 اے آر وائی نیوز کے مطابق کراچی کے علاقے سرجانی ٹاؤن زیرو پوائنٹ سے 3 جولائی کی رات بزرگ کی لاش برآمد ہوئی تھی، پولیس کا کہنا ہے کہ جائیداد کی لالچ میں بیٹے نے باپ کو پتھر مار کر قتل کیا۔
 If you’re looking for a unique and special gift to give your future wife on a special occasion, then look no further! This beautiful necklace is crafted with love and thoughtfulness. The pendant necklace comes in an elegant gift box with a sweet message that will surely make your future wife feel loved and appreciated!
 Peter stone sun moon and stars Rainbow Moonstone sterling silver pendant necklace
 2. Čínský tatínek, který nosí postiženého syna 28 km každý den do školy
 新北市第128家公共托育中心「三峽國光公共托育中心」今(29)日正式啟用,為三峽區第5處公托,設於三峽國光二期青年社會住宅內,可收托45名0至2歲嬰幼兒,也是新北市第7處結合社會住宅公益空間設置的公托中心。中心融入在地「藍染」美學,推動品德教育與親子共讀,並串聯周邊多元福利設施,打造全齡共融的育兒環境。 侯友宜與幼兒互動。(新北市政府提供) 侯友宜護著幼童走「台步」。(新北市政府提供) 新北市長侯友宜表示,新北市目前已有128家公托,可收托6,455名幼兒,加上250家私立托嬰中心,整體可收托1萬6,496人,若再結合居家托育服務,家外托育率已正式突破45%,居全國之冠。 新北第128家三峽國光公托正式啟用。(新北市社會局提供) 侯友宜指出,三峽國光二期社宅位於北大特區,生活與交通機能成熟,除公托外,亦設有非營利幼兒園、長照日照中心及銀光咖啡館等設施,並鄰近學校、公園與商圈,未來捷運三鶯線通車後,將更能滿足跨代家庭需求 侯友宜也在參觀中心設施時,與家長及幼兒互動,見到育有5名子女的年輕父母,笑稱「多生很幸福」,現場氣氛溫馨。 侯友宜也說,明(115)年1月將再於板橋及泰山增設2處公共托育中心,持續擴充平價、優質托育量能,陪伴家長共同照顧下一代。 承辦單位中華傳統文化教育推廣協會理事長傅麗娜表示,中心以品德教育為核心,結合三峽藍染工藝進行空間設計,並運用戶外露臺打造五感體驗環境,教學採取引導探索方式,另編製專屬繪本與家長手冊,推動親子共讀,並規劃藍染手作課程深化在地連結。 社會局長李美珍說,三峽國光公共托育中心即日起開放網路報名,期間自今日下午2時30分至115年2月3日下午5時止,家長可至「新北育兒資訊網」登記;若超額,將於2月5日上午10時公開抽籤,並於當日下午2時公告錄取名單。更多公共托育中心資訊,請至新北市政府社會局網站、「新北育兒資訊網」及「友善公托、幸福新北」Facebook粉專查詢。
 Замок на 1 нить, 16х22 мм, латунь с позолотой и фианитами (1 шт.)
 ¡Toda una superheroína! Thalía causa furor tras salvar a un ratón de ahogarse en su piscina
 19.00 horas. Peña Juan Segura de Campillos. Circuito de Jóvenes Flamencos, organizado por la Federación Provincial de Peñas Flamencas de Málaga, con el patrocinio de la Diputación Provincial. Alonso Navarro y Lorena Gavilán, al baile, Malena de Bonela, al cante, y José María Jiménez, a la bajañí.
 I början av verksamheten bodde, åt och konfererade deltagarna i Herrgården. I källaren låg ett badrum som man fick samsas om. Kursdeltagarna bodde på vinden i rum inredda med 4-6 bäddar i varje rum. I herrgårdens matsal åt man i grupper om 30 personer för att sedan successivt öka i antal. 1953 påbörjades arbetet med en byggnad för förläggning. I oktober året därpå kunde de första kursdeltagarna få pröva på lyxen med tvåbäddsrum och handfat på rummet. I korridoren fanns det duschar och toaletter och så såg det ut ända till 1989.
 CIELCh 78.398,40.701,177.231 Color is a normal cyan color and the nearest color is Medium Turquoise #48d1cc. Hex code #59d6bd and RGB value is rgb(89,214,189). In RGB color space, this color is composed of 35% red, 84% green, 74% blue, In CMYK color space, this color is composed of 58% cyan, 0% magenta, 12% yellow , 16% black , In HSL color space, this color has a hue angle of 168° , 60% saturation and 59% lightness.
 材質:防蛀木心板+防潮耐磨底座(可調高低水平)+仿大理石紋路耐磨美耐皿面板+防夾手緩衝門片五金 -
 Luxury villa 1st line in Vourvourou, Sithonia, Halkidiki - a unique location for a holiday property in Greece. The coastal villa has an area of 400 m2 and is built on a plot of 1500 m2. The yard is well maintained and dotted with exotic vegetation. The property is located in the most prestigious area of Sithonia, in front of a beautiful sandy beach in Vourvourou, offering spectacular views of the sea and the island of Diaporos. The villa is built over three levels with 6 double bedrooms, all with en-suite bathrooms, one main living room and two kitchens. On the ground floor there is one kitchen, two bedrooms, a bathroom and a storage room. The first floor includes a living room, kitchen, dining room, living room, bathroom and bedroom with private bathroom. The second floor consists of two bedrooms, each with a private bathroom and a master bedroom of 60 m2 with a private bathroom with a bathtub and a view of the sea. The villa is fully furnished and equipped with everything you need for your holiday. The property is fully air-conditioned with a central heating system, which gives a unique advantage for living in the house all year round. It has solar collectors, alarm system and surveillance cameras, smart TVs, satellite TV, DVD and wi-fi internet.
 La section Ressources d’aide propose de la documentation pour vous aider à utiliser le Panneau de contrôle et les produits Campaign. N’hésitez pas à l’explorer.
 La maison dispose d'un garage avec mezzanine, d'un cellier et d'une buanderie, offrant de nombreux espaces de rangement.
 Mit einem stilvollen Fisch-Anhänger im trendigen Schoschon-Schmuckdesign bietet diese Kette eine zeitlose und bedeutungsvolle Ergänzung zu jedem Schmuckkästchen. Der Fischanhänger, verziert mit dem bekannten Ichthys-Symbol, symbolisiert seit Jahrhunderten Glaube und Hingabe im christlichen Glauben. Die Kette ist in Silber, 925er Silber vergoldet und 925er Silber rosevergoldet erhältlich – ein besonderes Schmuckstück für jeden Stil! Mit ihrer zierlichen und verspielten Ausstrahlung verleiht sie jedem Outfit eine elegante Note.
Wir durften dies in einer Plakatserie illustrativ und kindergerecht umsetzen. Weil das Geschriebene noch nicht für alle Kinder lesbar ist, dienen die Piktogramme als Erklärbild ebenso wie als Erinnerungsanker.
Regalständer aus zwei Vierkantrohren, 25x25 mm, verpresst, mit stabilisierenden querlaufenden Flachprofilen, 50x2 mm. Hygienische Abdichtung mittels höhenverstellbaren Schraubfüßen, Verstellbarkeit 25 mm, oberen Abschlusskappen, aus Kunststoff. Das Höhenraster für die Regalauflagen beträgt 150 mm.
####
• [WORK ITEM]: Write out, unaltered, the lines from the opening of the listing through the line that includes "2. Čínský tatínek, který".

• [PROBLEM SOLUTION]:
 اے آر وائی نیوز کے مطابق کراچی کے علاقے سرجانی ٹاؤن زیرو پوائنٹ سے 3 جولائی کی رات بزرگ کی لاش برآمد ہوئی تھی، پولیس کا کہنا ہے کہ جائیداد کی لالچ میں بیٹے نے باپ کو پتھر مار کر قتل کیا۔
 If you’re looking for a unique and special gift to give your future wife on a special occasion, then look no further! This beautiful necklace is crafted with love and thoughtfulness. The pendant necklace comes in an elegant gift box with a sweet message that will surely make your future wife feel loved and appreciated!
 Peter stone sun moon and stars Rainbow Moonstone sterling silver pendant necklace
 2. Čínský tatínek, který nosí postiženého syna 28 km každý den do školy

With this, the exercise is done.